New research released today by Colliers International on the growth of outsourcing and offshoring (O&O) cities in the Central & Eastern European (CEE) region shows the volume of office space consumed by the companies has grown a massive 80 per cent from 2010 to end 2013.
There has been very strong demand for office space from the sector since 2010 and while there is evidence the sector is maturing, geographically, the footprint of the sector is still expanding. New companies have been actively seeking entry points within the regional CEE O&O market and a large number of established operators have and are undergoing expansion in the CEE region. Well established markets include Budapest, Prague, Krakow and Warsaw and although initially these cities were previously considered the most expensive operationally, they continue to have the highest concentration of O&O occupiers.

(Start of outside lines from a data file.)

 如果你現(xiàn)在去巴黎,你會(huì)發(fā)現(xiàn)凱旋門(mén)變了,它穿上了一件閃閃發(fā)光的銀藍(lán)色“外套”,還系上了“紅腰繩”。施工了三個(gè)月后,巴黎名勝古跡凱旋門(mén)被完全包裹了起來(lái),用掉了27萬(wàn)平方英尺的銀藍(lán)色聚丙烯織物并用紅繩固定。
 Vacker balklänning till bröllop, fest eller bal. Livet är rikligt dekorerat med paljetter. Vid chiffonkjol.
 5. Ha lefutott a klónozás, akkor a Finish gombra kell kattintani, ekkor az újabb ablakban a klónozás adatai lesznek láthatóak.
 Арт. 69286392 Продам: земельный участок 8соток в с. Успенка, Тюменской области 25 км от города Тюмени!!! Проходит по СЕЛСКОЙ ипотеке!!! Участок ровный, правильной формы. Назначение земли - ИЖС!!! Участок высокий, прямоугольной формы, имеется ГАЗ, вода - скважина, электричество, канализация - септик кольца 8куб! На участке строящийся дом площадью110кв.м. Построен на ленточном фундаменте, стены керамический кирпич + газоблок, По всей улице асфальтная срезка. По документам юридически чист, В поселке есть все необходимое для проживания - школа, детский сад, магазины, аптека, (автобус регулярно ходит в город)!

The high concentration of occupiers in these markets is due to the depth of skills and experience available, allowing companies to undergo organic growth and provide higher value-add functions. Ultimately, as these companies grow, more external companies are attracted to the same location, clustering similar businesses together in the same market. Though, cities such as Bratislava appear to have reached capacity for this reason.
The sector has matured rapidly within the core locations while expansion to other regional cities is just beginning, stimulated by the battle for workforce talent and lower operational costs. As a result, cities such as Bucharest, Wroclaw and Lodz have made significant inroads into the sector.

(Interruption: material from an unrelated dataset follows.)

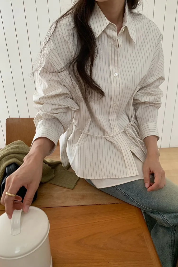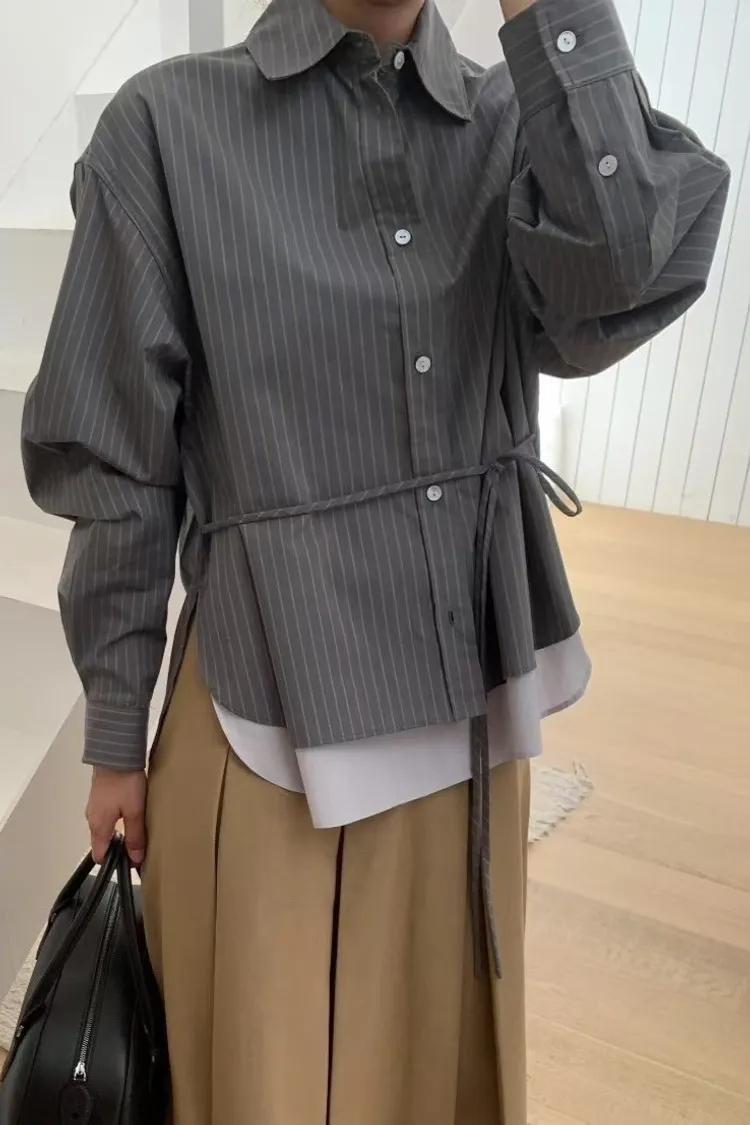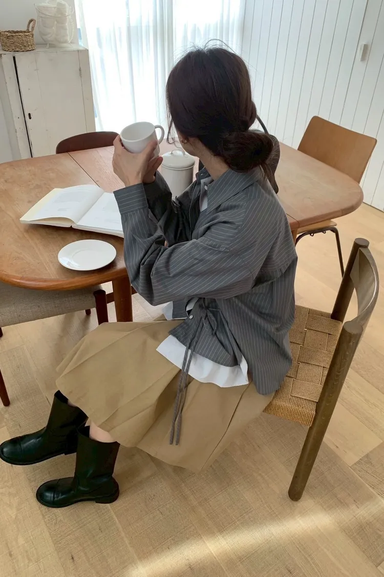 棉 正常厚度 假兩件 腰有綁帶 層次拚色下擺

In the last three years, peripheral CEE cities such as Belgrade, Kyiv and Riga have experienced rapid expansion but off lower bases in terms of market concentration in the sector. Given their wealth of latent talent and lower cost profile they should continue to evolve over the medium term to become serious competitors to existing regional locations.
Damian Harrington Regional Director of Research for Colliers International, Eastern Europe said: “Fundamentally companies seeking to establish an O&O operation are pursuing cost savings/efficiency. Yet the most saturated and active markets in this sector are also the most expensive in regards to operational costs. This shows that the size of a city’s talent pool is increasingly more important in location decision making.”

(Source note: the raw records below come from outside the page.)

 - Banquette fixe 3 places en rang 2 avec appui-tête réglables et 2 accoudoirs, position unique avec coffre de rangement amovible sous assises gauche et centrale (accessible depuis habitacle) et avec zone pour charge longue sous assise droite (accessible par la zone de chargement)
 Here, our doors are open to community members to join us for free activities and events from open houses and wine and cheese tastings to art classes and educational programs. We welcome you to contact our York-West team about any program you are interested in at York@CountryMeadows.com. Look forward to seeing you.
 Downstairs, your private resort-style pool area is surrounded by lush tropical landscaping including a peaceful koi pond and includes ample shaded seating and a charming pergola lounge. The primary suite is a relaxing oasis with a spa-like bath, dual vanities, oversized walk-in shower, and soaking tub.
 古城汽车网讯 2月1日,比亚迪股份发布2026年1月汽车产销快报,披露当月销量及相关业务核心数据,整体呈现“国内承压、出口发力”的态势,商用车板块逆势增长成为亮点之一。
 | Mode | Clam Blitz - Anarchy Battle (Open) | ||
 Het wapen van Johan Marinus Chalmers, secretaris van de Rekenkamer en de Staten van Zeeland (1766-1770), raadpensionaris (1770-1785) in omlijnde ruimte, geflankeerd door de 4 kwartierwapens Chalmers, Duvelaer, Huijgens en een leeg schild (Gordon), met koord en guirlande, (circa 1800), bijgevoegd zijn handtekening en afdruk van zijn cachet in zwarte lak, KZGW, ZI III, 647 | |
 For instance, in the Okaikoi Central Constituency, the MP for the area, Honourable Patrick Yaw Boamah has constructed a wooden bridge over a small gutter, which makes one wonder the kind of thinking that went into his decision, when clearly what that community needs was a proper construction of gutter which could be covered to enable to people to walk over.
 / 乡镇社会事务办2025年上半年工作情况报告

This ‘flight to quality’ legacy means that those cities with a much higher percentage of current O&O employees relative to the potential labour pool will need to attract more jobs and create higher-level, value-add functions to their employment base. Failure to do so is likely to lead to wage inflation and higher levels of staff attrition – a problem many faced during the growth years of the previous economic cycle,” he added.
Despite the rapid growth we have seen the region remains relatively untapped – our analysis shows that only 30 per cent of the top 100 global outsourcing companies are located in the region; a figure which indicates that there is a very strong growth pathway for O&O in the CEE region.
Business sectors driving growth include IT and Telecoms and professional business services. We have also seen signs of O&O growth in the auxiliary retail and logistics sector, which we believe is a direct result of growth in e-retailing and e-commerce.
Given the vast scope for the evolution of this business regionally, let alone globally, this is one definitive growth area for the regional industry to service. Not only pan-European (or even global operators) but also regionally based operators as they emerge.
We are also likely to see existing operations evolve to provide much more advanced combinations of ‘software and service’, using web/cloud platform-based solutions for existing services and as a basis for new services such as legal process outsourcing and even actuarial services.
Despite these strong growth drivers, there are a number of critical challenges facing the sector and the office market generally.
Firstly, ‘Anti-offshoring’ political, executive and business sentiment could lead to action against the growth of the business, especially given the dearth of occupier growth despite the recent ‘economic recovery’.
Secondly, and more pertinent if not radical, will be ‘back-office automation’ and a little further down the line administrative robotics. Some senior operators in the O&O business believe that generic BPO processes will be almost completely automated within five years. Other generic and domain-specific processing could follow the same trend so that within the next decade most of these tasks will be automated.
Around 20 per cent of occupied office space in the region is consumed by O&O operators so if ‘back-office automation’ gains traction, which we believe it will, this could significantly depress office demand based growth derived from the sector. On the flip-side, increasing volumes of virtual work will require greater operational capacity leading to greater demand for data centres.